The FCA today launched a Call for Input to help shape its work on improving the consumer investment market.
The regulator said that too often consumers receive lower returns than they should because of unsuitable products with high fees.
The Call for Input is seeking views on what more can be done to help the market offer products that meet straightforward needs, how people can understand the risks of higher risk investments, the regulation of financial promotions, protecting consumers from scams, and what more the FCA can do to “ensure that when people lose money because of an act or omission of a regulated firm, they are appropriately compensated and that it is paid for fairly by those who cause the loss.”

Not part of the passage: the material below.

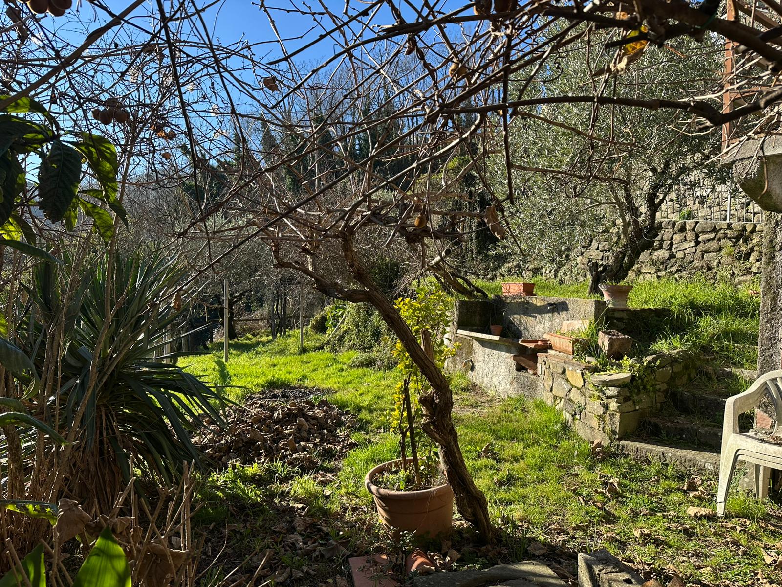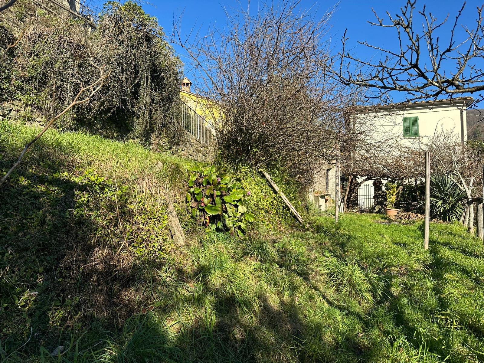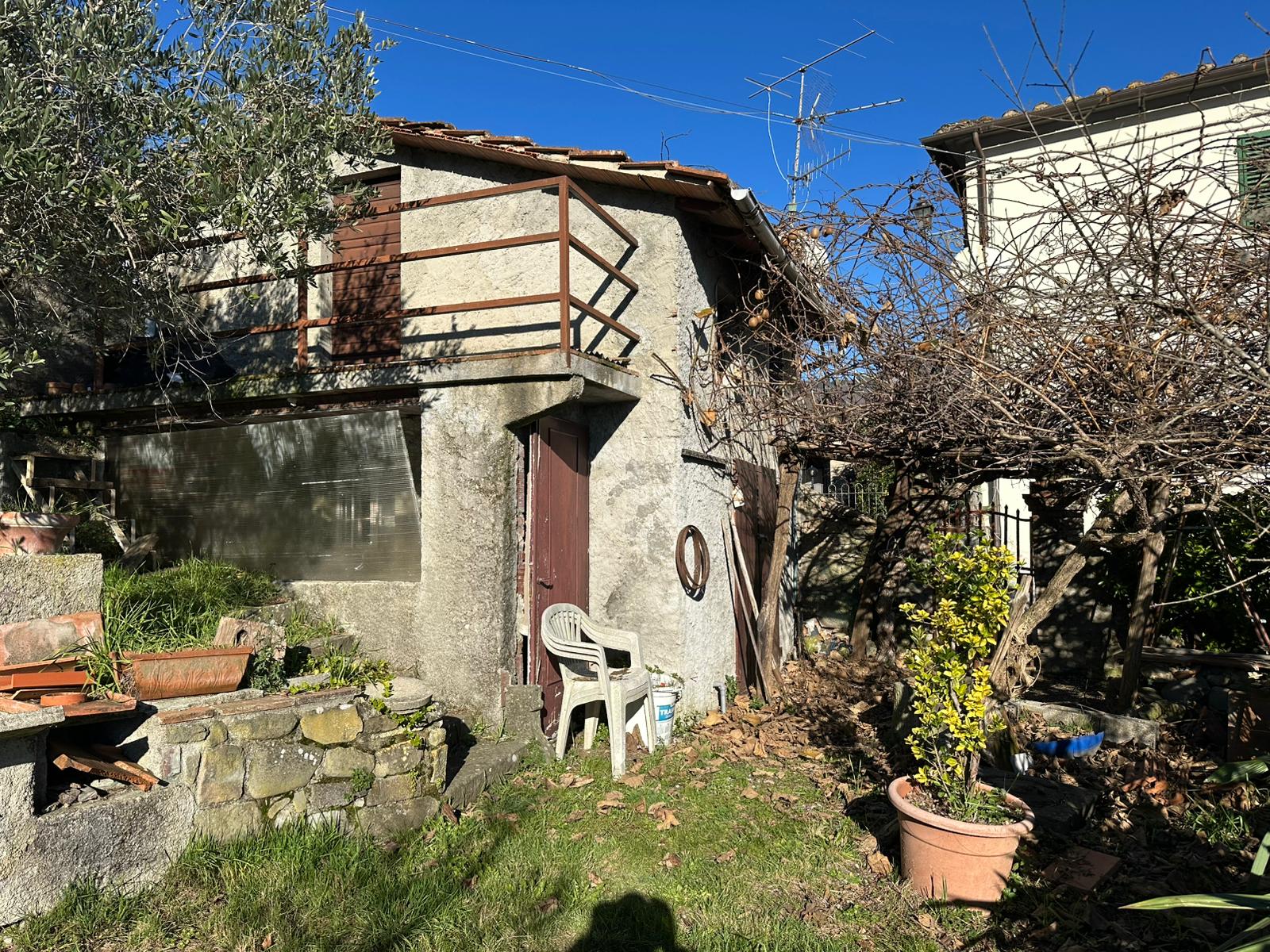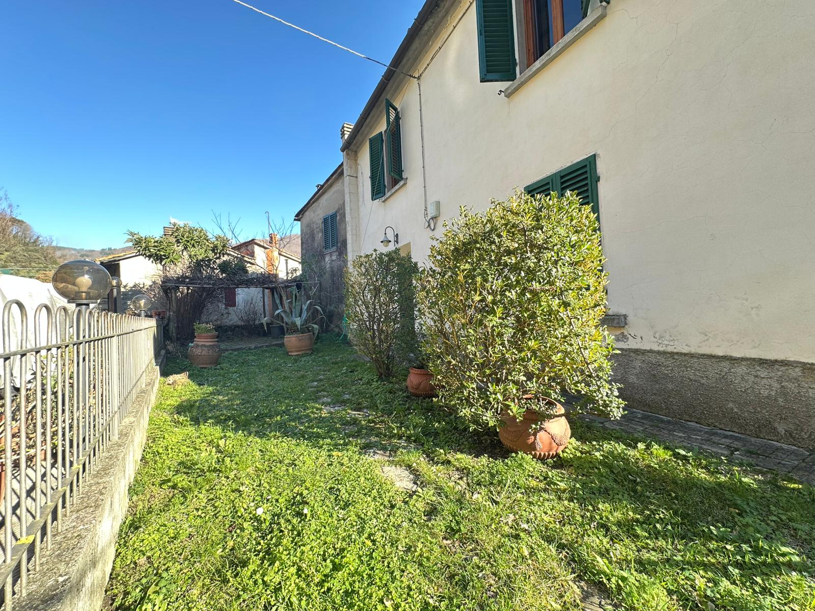 Località Campomaggio-Montagnana, casa indipendente in borgo collinare con vista panoramica. L'immobile è di ampia metratura, circa 300 mq totali, e composto da un'abitazione principale con giardino frontale, disposta su due livelli oltre a locali deposito e taverna al piano seminterrato, e da una unità abitativa secondaria di piccola metratura, anch'essa con ingresso autonomo, adatta anche per essere messa a reddito. A breve distanza dall'abitazione principale si trova un ampio spazio verde di proprietà con annesso locale ad uso deposito/lavanderia, facilmente trasformabile come annesso rustico a servizio dell'area verde. Completano la proprietà due autorimesse e un posto auto, oltre a vari appezzamenti di terreno boschivo e due piccole particelle a olivi.

Aegon shared concerns that the review could lead to even higher levies for financial advisory firms.
Steven Cameron, pensions director at Aegon, said: “The FCA’s Call for Input on the Consumer Investment Market is extremely wide ranging and brings back memories of the Financial Advice Market Review. Topics under consideration include mass market versus high risk investments, the advice versus guidance debate, consumer compensation and how to ensure ‘polluter pays’, scam prevention and technological innovation. There’s likely to be something here that every adviser firm across the UK will have an interest in.
“It’s important that the FCA does keep a focus on protecting people from scams and stamping out the small minority of poor advice. But this needs very different treatment from supporting the growth of a market which can support more people in the way that works for them, cost effectively. That could be holistic ongoing advice, one-off or simplified advice, more tailored forms of guidance or better constructed information.
“At the heart of this, we need to make sure the vast majority of highly professional financial advice firms aren’t burdened with ever increasing FSCS levies or Professional Indemnity premiums.”